[What is expected] Your answer must be the lines from the first one in the material through the line with "This Women's Blouse", retyped exactly and with no pictures.

[Given data]
- Opening Delimiter -

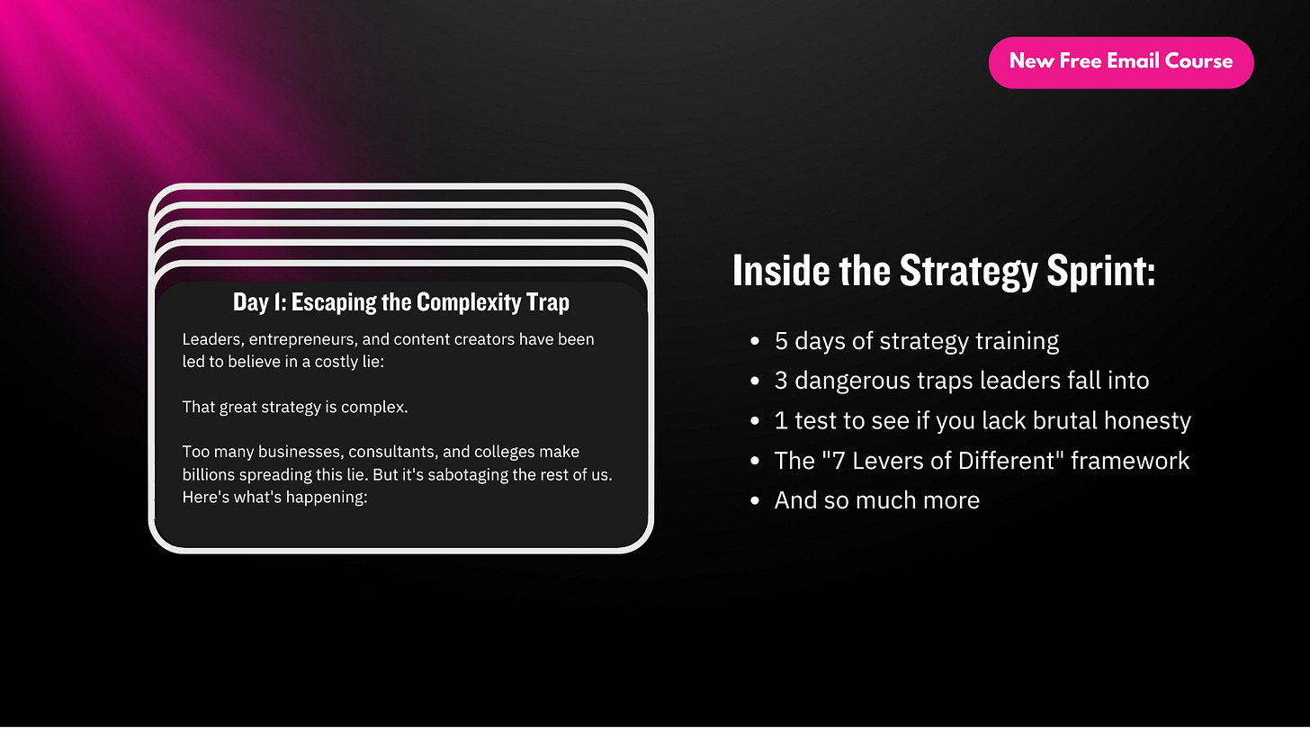Start creating a radically simple, differentiated strategy in 5 days with the free Strategy Sprint email course. Here, you’ll learn what's holding you back from creating a new and different strategy and see what to focus on when it comes to strategy (besides your competitors). You can learn more and enroll here.
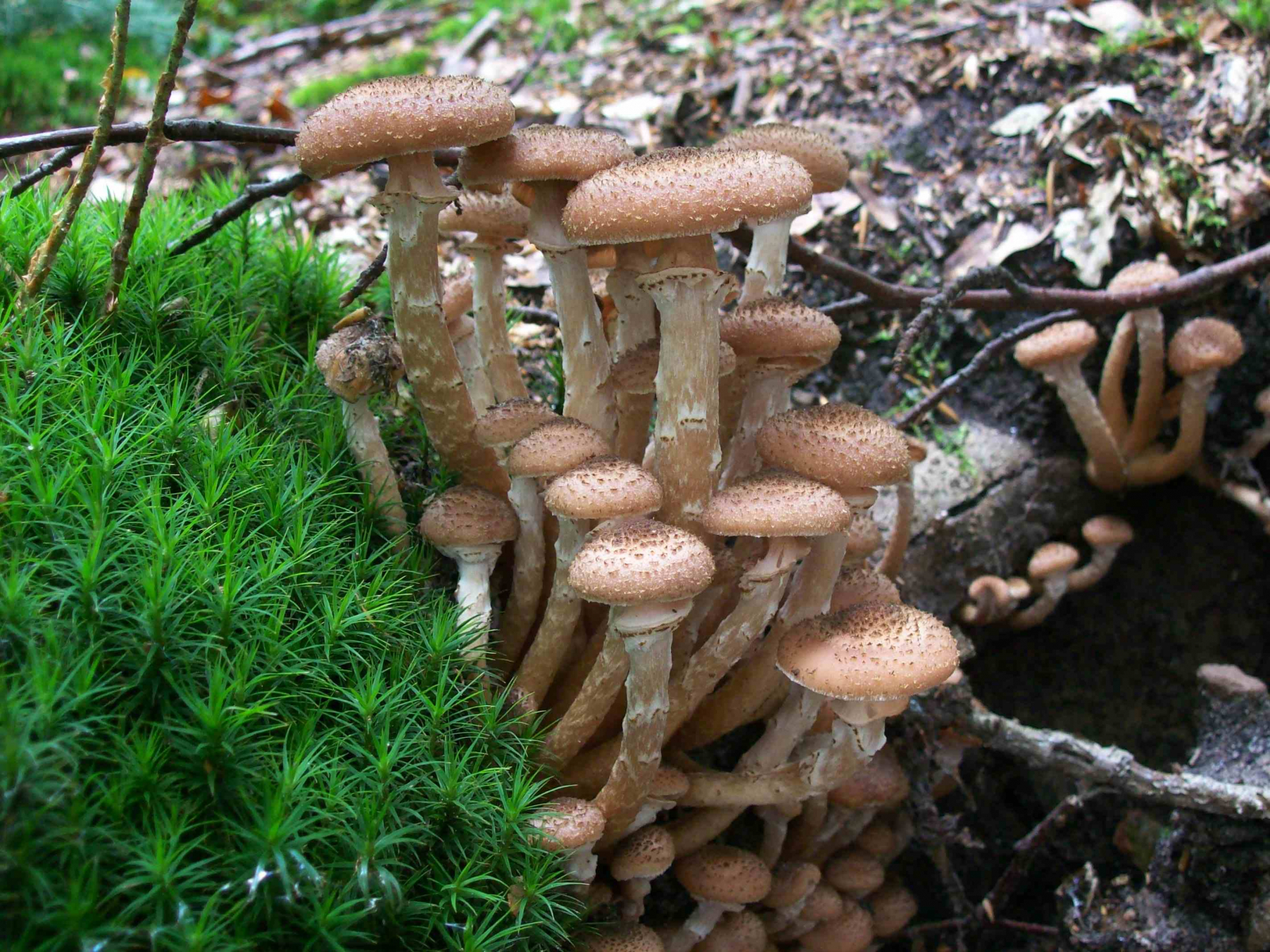 Schwarzschuppiger Hallimasch, Armillaria ostoyae. Von anderen Hallimasch-Arten unterscheidet er sich durch bräunliche Farben und schwärzliche Schuppen auf dem Hut und am Ring. Außerdem kommt er vor allem auf Nadelholz vor.
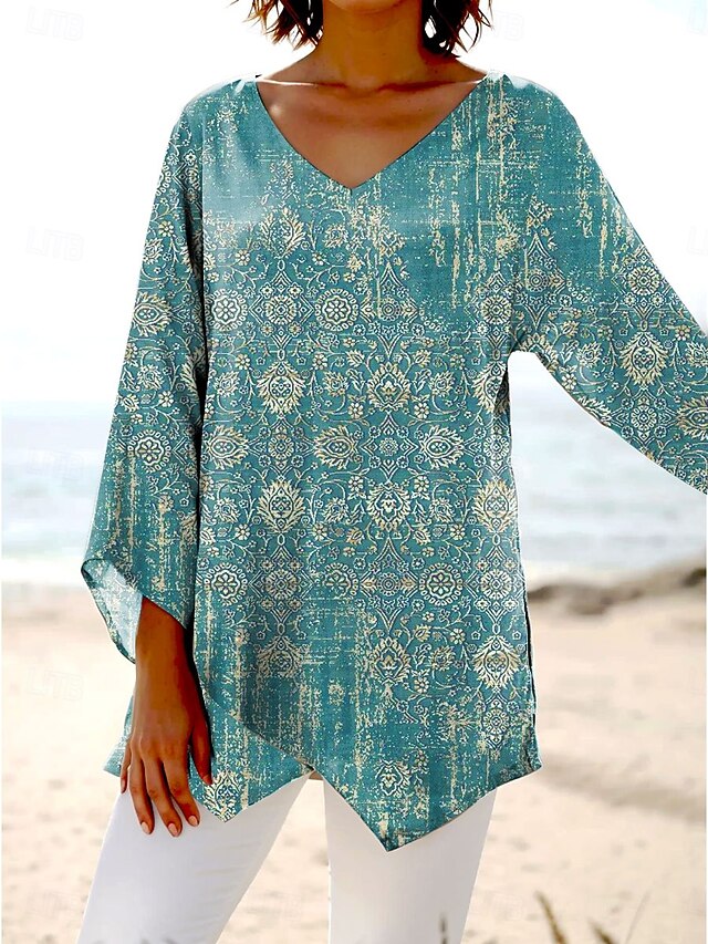 This Women's Blouse Long Sleeve Asymmetrical Hem Graphic Paisley Hawaiian modern Casual 3/4 Length Sleeve V Neck Regular Tops Daily Holiday Going out Print Blue Purple Green Summer Spring Fall combines elegant design with practical functionality. Every detail has been carefully considered to ensure you get the best possible experience. The premium construction means this product will serve you well for years to come.
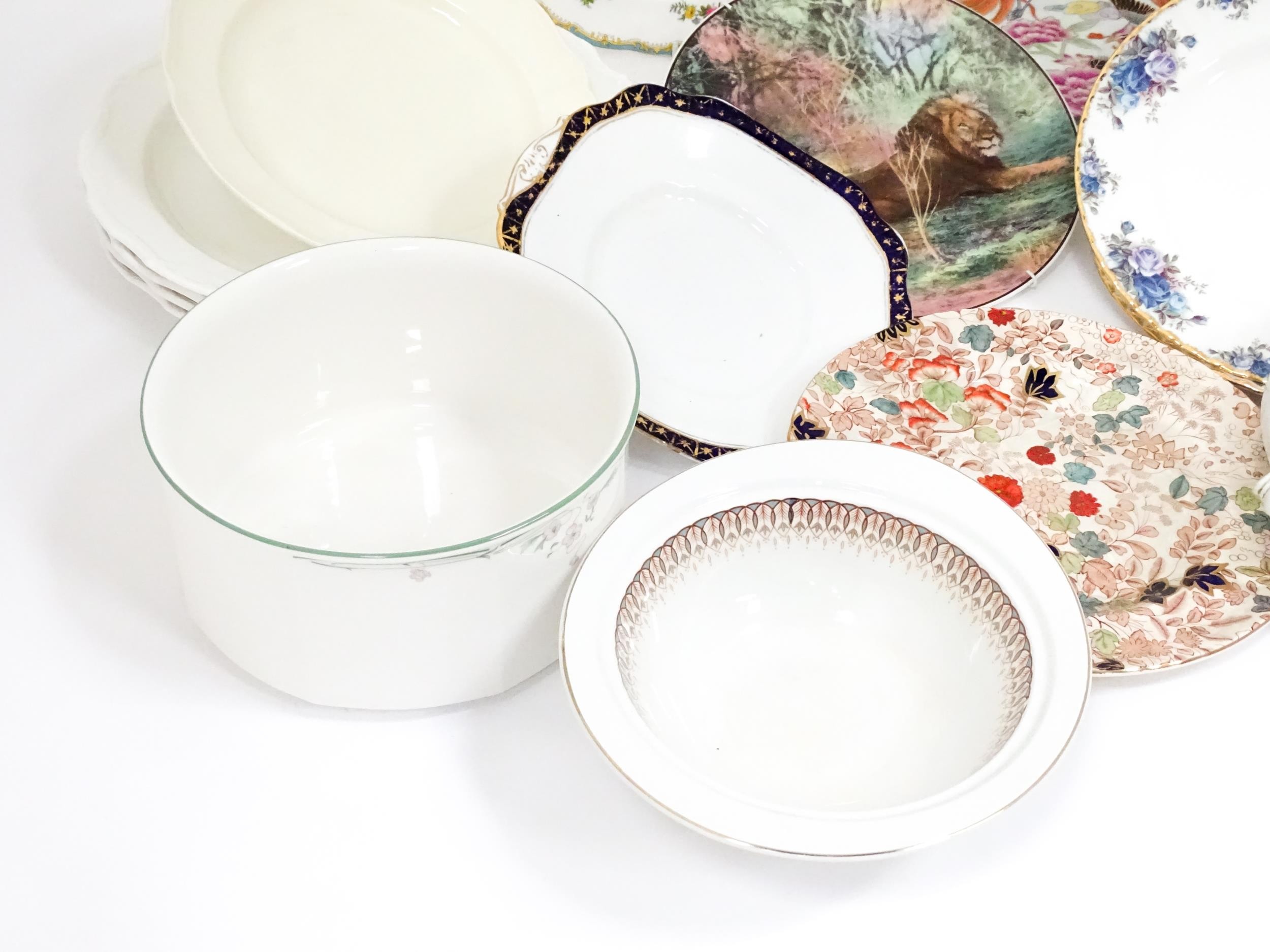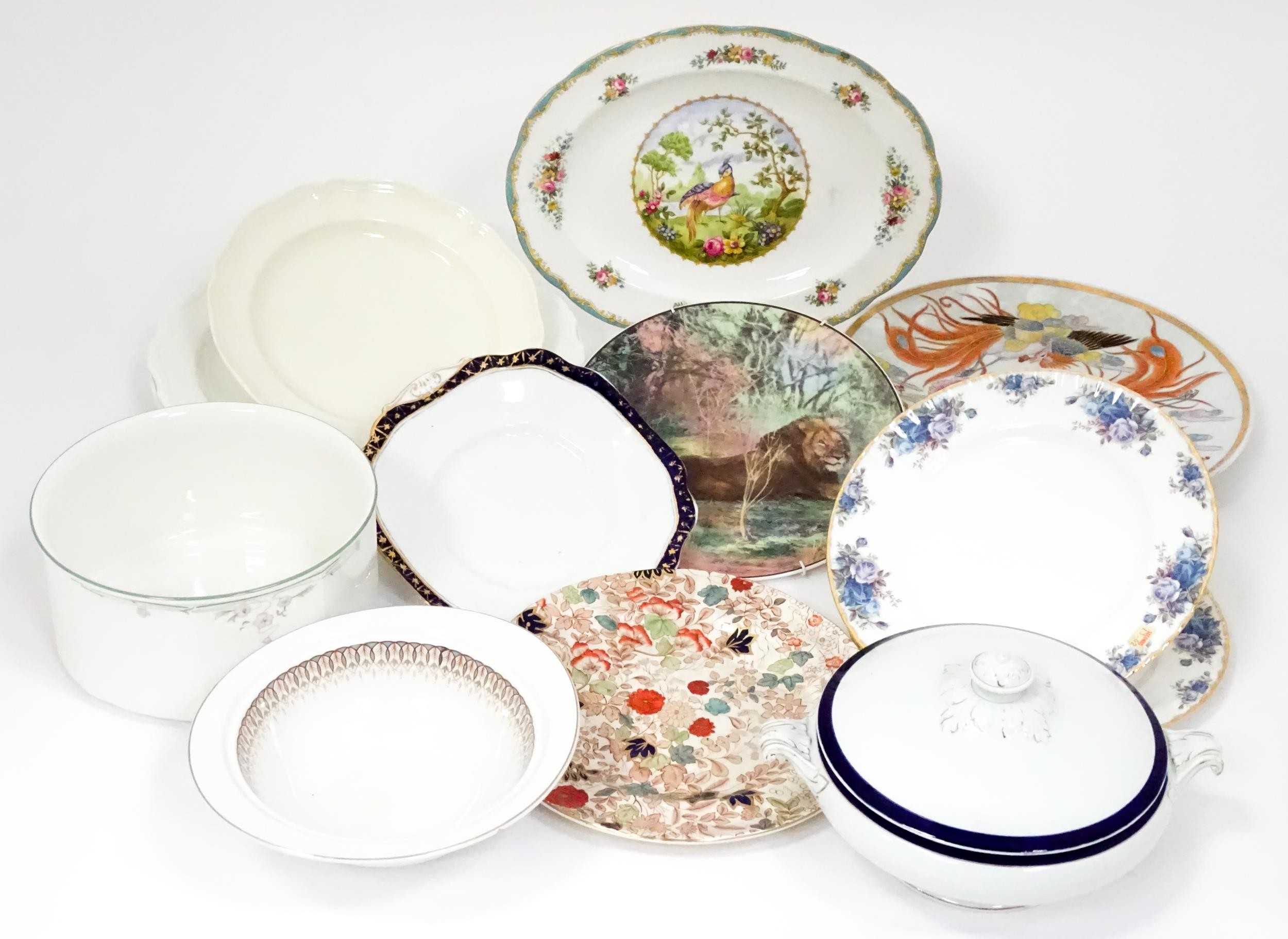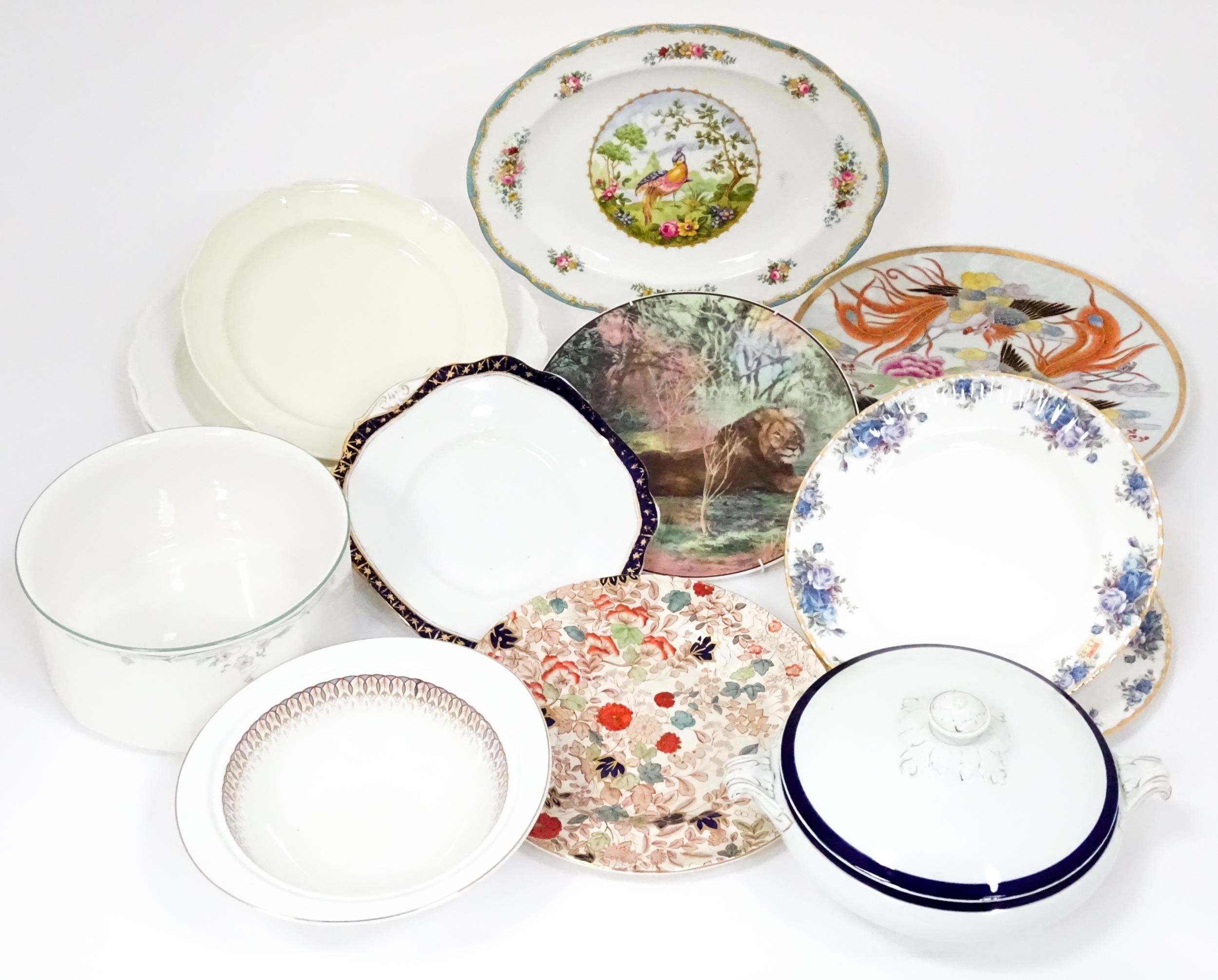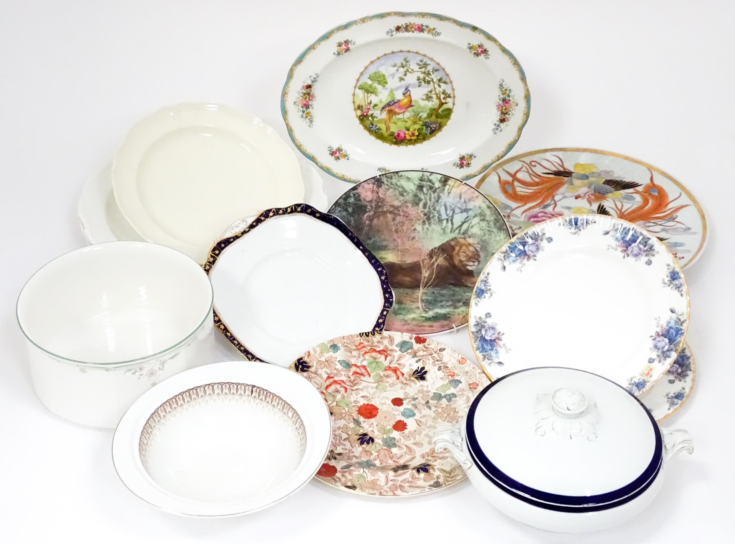 Assorted ceramics to include Royal Albert serving plate decorated in the Silver Birch pattern, a Mason's plater decorated in the Bittersweet pattern, a Royal Doulton dish in the Caprice pattern, two Royal Albert plates in the Moonlight Rose pattern, a Royal Doulton plate with lion detail from the African Series, four Royal Albert plates in the Gossamer pattern, an Oriental plate decorated with phoenix birds and flowers, etc. Largest plate approx. 13" diameter

- Closing Delimiter -

[Answer below]
Start creating a radically simple, differentiated strategy in 5 days with the free Strategy Sprint email course. Here, you’ll learn what's holding you back from creating a new and different strategy and see what to focus on when it comes to strategy (besides your competitors). You can learn more and enroll here.
 Schwarzschuppiger Hallimasch, Armillaria ostoyae. Von anderen Hallimasch-Arten unterscheidet er sich durch bräunliche Farben und schwärzliche Schuppen auf dem Hut und am Ring. Außerdem kommt er vor allem auf Nadelholz vor.
 This Women's Blouse Long Sleeve Asymmetrical Hem Graphic Paisley Hawaiian modern Casual 3/4 Length Sleeve V Neck Regular Tops Daily Holiday Going out Print Blue Purple Green Summer Spring Fall combines elegant design with practical functionality. Every detail has been carefully considered to ensure you get the best possible experience. The premium construction means this product will serve you well for years to come.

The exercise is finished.